Your goal: Nothing should appear in the answer except the lines below from the line containing "5月22日上午9:00,泉州" through the line containing "京东支付:打开京东APP点「", copied exactly, with pictures left out.

Exercise materials:
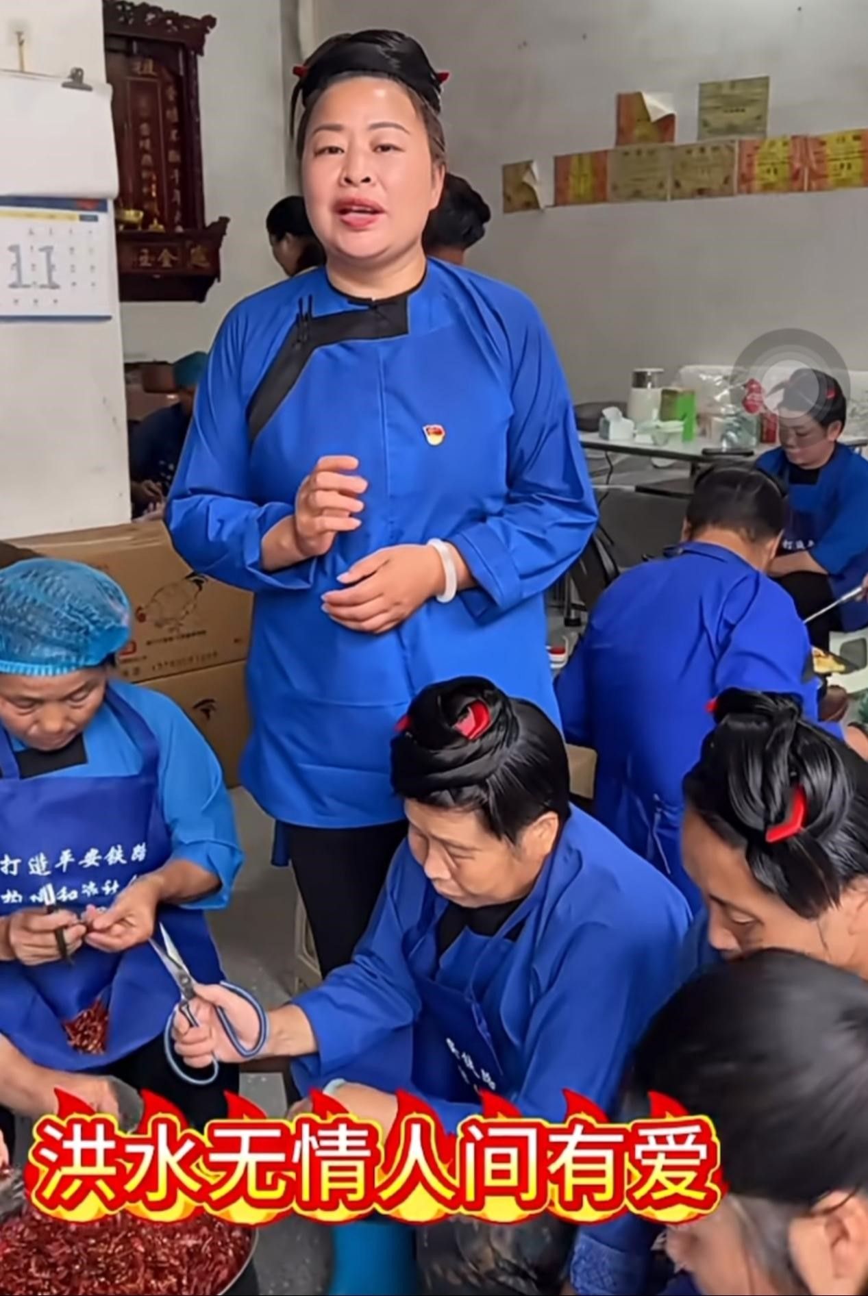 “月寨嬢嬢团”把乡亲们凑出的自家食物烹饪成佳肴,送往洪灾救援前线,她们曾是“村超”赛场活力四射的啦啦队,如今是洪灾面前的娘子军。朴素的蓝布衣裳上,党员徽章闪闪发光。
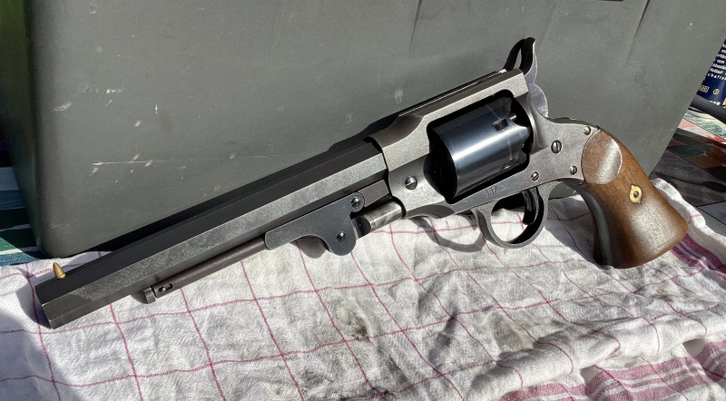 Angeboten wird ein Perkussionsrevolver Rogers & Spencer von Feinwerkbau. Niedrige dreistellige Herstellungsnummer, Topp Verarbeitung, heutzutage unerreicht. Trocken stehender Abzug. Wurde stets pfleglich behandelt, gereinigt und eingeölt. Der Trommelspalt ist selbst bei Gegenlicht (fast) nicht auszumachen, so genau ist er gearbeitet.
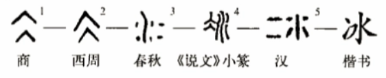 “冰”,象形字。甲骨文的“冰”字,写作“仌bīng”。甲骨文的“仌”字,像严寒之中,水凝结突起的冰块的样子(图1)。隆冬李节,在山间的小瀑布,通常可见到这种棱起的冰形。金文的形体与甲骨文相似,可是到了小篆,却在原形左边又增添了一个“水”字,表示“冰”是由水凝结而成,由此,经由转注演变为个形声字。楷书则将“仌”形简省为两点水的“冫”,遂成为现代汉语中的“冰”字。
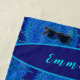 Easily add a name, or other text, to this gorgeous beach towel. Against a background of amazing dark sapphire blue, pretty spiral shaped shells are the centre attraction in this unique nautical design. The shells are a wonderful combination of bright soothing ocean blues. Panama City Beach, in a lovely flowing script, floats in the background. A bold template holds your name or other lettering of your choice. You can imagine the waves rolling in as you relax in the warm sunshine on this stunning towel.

---

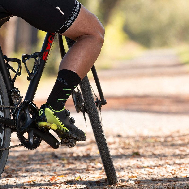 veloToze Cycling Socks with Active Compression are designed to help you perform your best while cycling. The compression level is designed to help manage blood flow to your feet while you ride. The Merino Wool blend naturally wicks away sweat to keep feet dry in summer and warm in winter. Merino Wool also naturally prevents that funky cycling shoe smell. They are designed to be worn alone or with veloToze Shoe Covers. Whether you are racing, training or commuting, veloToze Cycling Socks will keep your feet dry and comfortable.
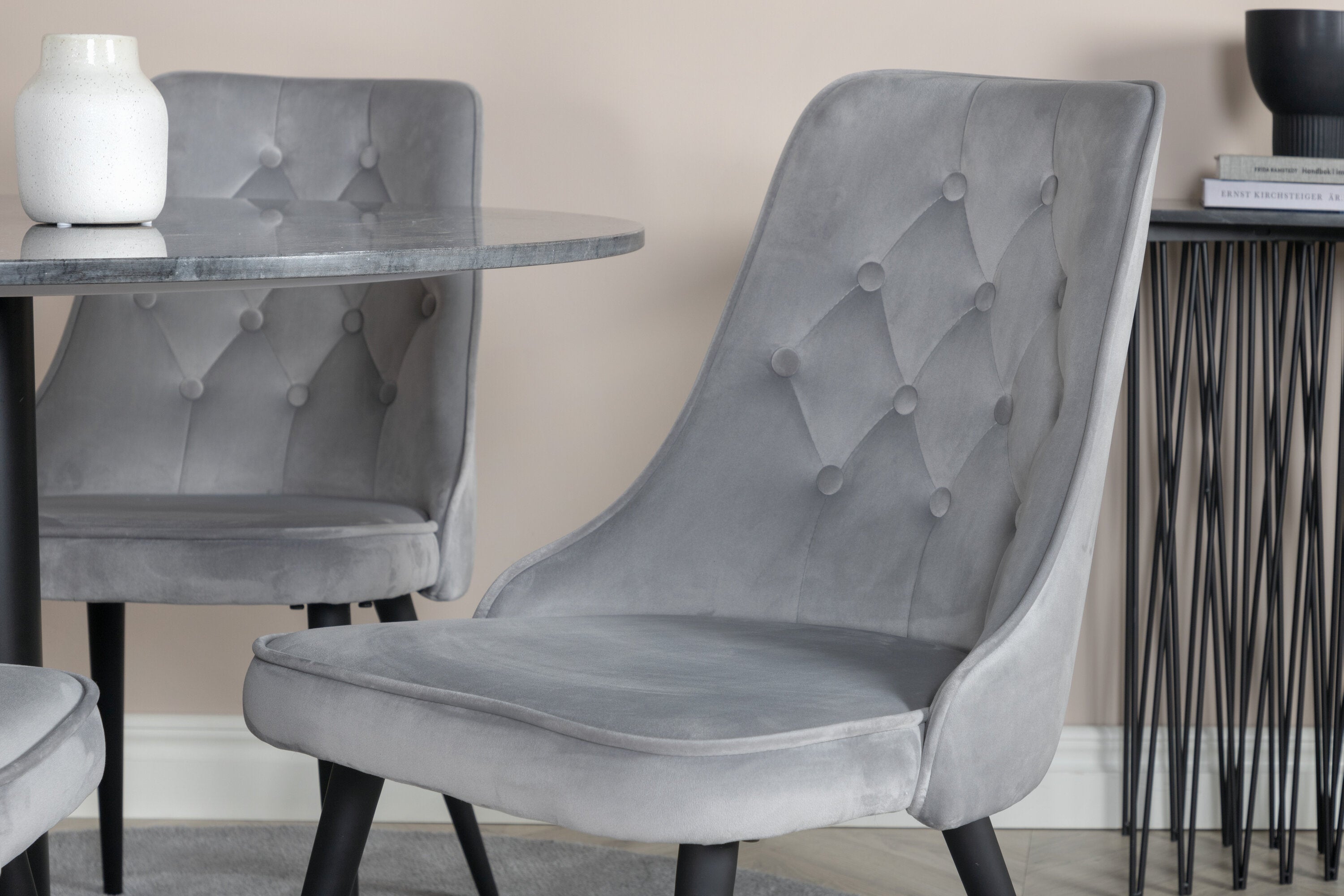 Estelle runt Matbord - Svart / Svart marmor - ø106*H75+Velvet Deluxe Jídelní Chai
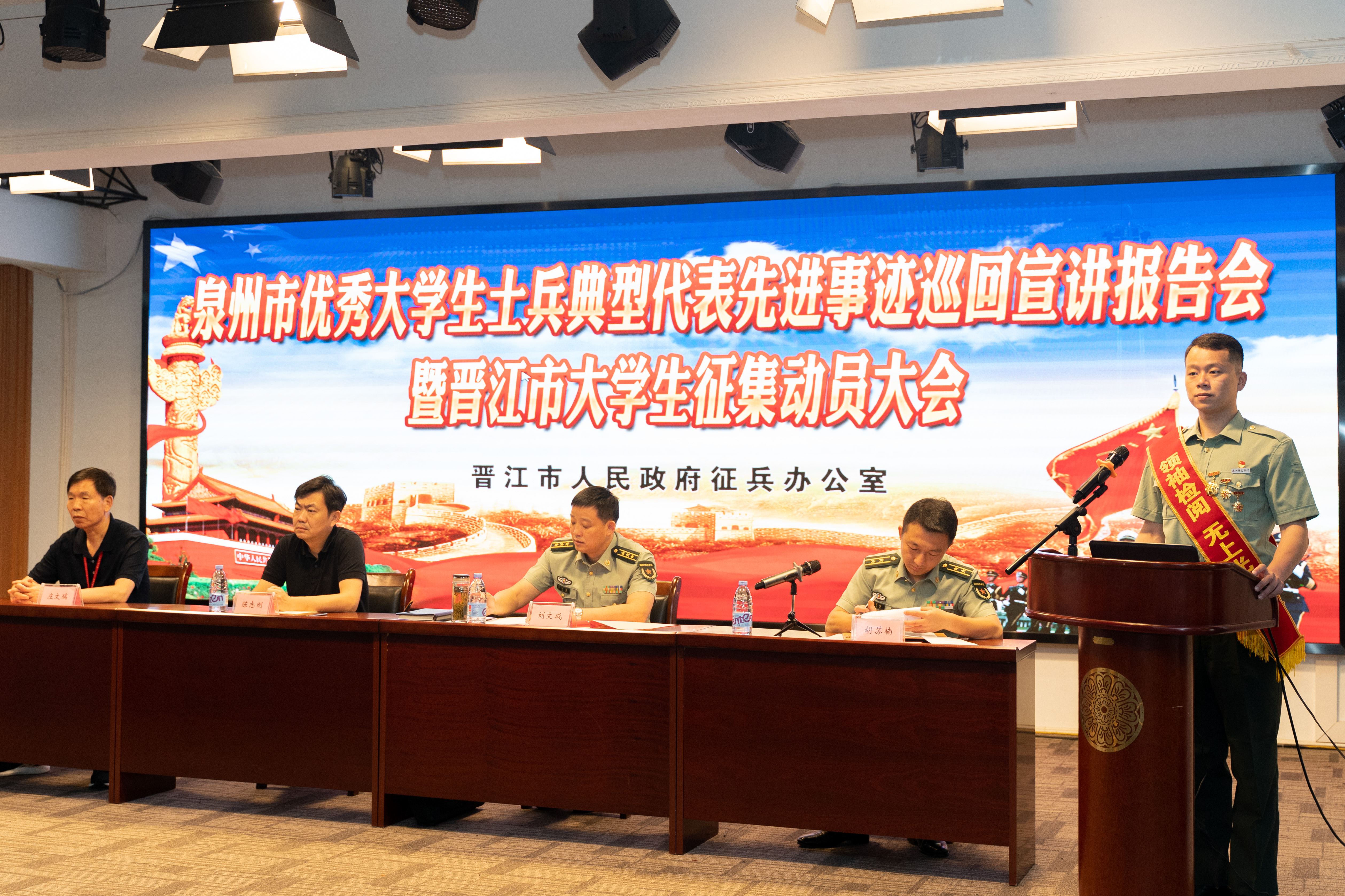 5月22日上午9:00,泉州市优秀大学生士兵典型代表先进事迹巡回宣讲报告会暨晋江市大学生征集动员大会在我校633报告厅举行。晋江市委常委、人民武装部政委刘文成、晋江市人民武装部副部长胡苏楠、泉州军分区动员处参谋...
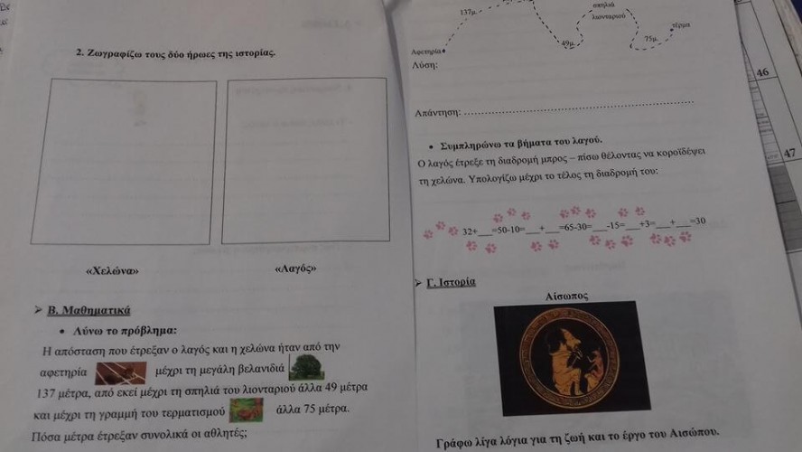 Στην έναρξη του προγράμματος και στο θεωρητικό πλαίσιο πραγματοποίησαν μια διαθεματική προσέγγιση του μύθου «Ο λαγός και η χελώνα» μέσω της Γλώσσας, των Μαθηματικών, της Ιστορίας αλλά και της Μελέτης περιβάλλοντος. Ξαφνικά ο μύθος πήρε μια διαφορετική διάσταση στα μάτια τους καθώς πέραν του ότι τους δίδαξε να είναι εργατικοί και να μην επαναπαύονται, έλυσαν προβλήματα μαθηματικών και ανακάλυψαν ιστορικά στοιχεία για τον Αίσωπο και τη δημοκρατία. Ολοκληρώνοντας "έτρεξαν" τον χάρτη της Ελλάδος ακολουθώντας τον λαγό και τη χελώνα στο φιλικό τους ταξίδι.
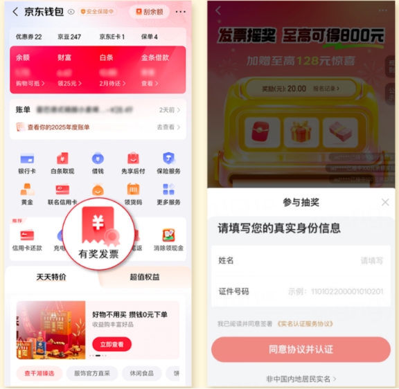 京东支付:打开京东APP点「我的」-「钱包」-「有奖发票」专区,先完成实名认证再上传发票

Output of the task:
 5月22日上午9:00,泉州市优秀大学生士兵典型代表先进事迹巡回宣讲报告会暨晋江市大学生征集动员大会在我校633报告厅举行。晋江市委常委、人民武装部政委刘文成、晋江市人民武装部副部长胡苏楠、泉州军分区动员处参谋...
 Στην έναρξη του προγράμματος και στο θεωρητικό πλαίσιο πραγματοποίησαν μια διαθεματική προσέγγιση του μύθου «Ο λαγός και η χελώνα» μέσω της Γλώσσας, των Μαθηματικών, της Ιστορίας αλλά και της Μελέτης περιβάλλοντος. Ξαφνικά ο μύθος πήρε μια διαφορετική διάσταση στα μάτια τους καθώς πέραν του ότι τους δίδαξε να είναι εργατικοί και να μην επαναπαύονται, έλυσαν προβλήματα μαθηματικών και ανακάλυψαν ιστορικά στοιχεία για τον Αίσωπο και τη δημοκρατία. Ολοκληρώνοντας "έτρεξαν" τον χάρτη της Ελλάδος ακολουθώντας τον λαγό και τη χελώνα στο φιλικό τους ταξίδι.
 京东支付:打开京东APP点「我的」-「钱包」-「有奖发票」专区,先完成实名认证再上传发票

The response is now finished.